The Nutrition Tradition That All Households Should Try

Sometimes the simplest weekly rituals are the ones you end up looking forward to most

A man seasoning food in a pan. Today we break down some easy nutrition advice: making one home-cooked meal a week.

Every household should have one night a week dedicated to a home-cooked meal.

By Tanner Garrity

Where I live, Mondays are Salmon Mondays. I go to the fishmonger on the way home from work to pick up a pound of salmon, plus whatever else my girlfriend and I need for salad, sauces and sides (rice, shallots, lemons, cucumbers, etc.). Once in a while, these side quests morph into a wild goose chase, like The Dill Weed Incident. But I do my best.

Typically, I’m home with the fish around 7 p.m., and we’re eating a half hour later. We’ve had Salmon Monday a dozen different ways, from miso-glazed to Tuscan-style to oven-marinated in maple butter and harissa paste, but otherwise the evening is remarkably consistent.

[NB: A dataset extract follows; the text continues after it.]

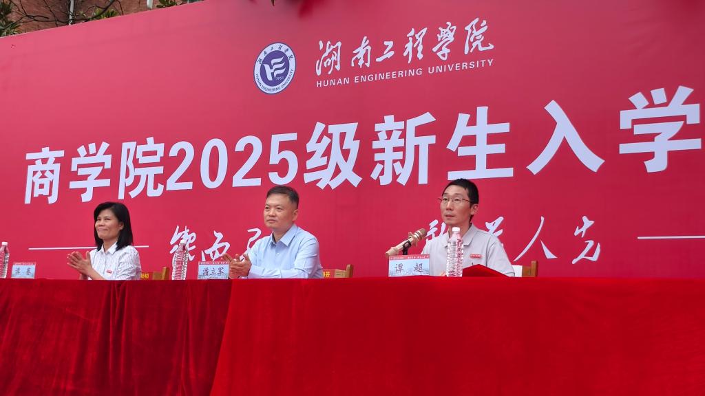 金秋九月,丹桂飘香。9月29日下午,湖南工程学院商学院2025级新生入学教育大会在我校书院路校区隆重召开。商学院副院长(主持行政工作)潘立军、副院长谭赛、副书记谭超出席大会,商学院教师代表、全体辅导员、优秀学生代表及 2025 级全体新生参会,大会由谭超主持。

My girlfriend and I sit there, chatting about our days and chomping away in approval, complimenting each other on whatever contributions we’ve made (I cook the salmon and chop things, she does everything else). We eat until satisfied, then clean everything up and shut the kitchen down for the night. After that, we watch a show. That may sound like an unremarkable evening on its face, but this sort of home-cooked ritual can provide a litany of physical and mental health benefits.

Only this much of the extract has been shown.